Ein weiteres Rätsel birgt ein ca. 50 cm großer pyramidenförmiger Stein mit unbekannten Schriftzeichen. Schon Sotomayor deutete sie als Vorläufer des sumerischen Alphabets. Die ecuadorianische Forscherin Ruth Rodriguez Sotomayor (nicht verwandt) beschäftigt sich seit vielen Jahren mit der präamerikanischen Kultur, insbesondere deren Schriftzeichen. Sie behauptet, dass die alten Zeichen der Aymara, der indigenen Bevölkerung Ecuadors, aus dem Sanskrit stammen und will somit den Beweis für Kulturaustausch in der Antike erbracht haben. Auf  Grund der von ihr gemachten Fundvergleiche, datiert sie den interkulturellen Kontakt auf die Zeit um 12.000 v.Chr.  Sollte das stimmen, dann wäre Villamars Schriftstein das missing link und ein Beweis für die Anwesenheit der legendären Götter aus dem Zweistromland. Dass es offenbar bereits vor Jahrtausenden kulturelle Verbindungen zwischen den Kontinenten gegeben hat,  belegen auch 5.000 Jahre alte Funde der Valdivia-Kultur aus Ecuador, die mit jenen der japanischen Jomon-Kultur identisch sind. 

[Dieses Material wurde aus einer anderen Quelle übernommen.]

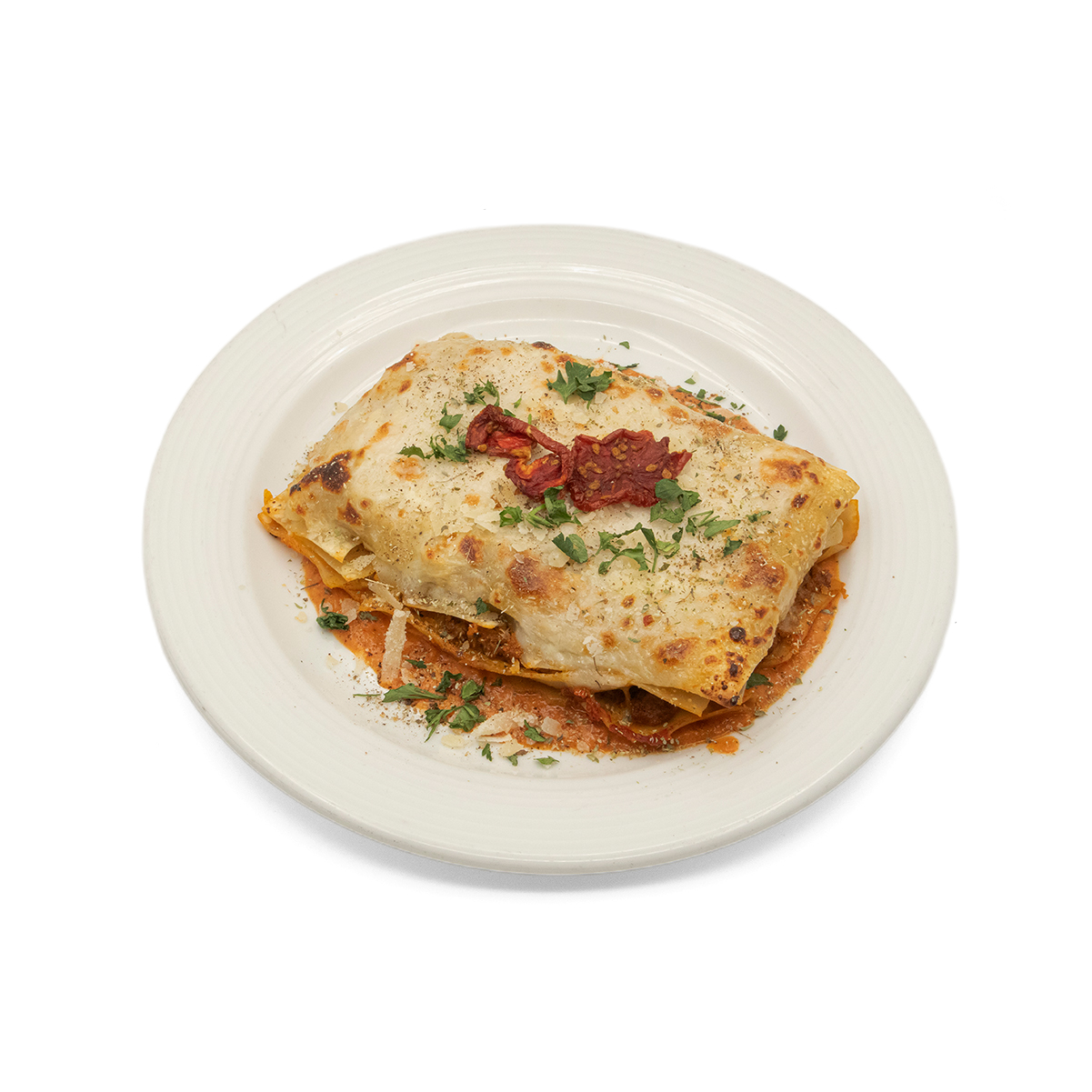 سس بشاملا / فیله ورقه ای گوساله / کاپاریس / پنیر موزارلا / پیاز / پارامسان

Die goldene Stadt Paititi ?

Die größte Überraschung sollte uns aber noch erwarten. Villamar zeigte uns einen schweren Steinblock, den er allein kaum heben konnte. Er bezeichnete ihn als „Weltkartenstein“, ein hellgrauer, von der Natur abgeschliffener Granit. Rund um den Stein ziehen sich weiße und schwarze Linien, die offensichtlich künstlich in den Stein eingelegt wurden. Das Erstaunliche daran, die dunklen Linien zeichnen das Muster unserer Erde mit ihren Kontinenten und großen Inseln nach. Zwei der Inseln geben Rätsel auf, denn sie sind heute unbekannt. Eine im nördlichen Atlantik und eine im südlichen Pazifik. Sollen sie etwa das legendäre Atlantis und den versunkenen Kontinent Mu darstellen? Villamar und andere Forscher sind überzeugt davon. Dann wäre dieser Weltkartenstein ja vor dem Untergang dieser Kontinente entstanden? Der Rätsel noch nicht genug, untersuchten wir nun die weiße Linie. Erstaunlicherweise zieht sie sich durch Südamerika und zwar durch Ecuador und erreicht jenen Punkt, wo heute La Mana liegt. Sollte damit der Aufenthaltsort der Götter markiert worden sein? Wenn ja, von wem, von ihnen selbst oder einer späteren Kultur, die noch Erinnerungen oder gar Beweise hatte? Noch etwas Merkwürdiges zeigt die Linie. Sie biegt abrupt in schrägem Winkel nach Westen in Richtung des Amazonasdschungels ab. In der Linie befindet sich eine Intarsie, ein kleiner Stein. Soll auch er etwa einen bedeutenden Ort anzeigen? Villamar meint, den Code geknackt zu haben. Der winzige Stein zeigt die Lage der legendären goldenen Stadt Paititi.  Bis heute wird sie gesucht, noch niemand hat sie gefunden. Tief verborgen im undurchdringlichen Dschungel harrt sie noch ihrer Entdeckung. Es wäre wahrlich eine Sensation, würde mit Hilfe des Steins die sagenhafte Stadt gefunden. Villamar will sich auf die Suche machen. Und wir mit ihm, so uns das Schicksal dorthin führt.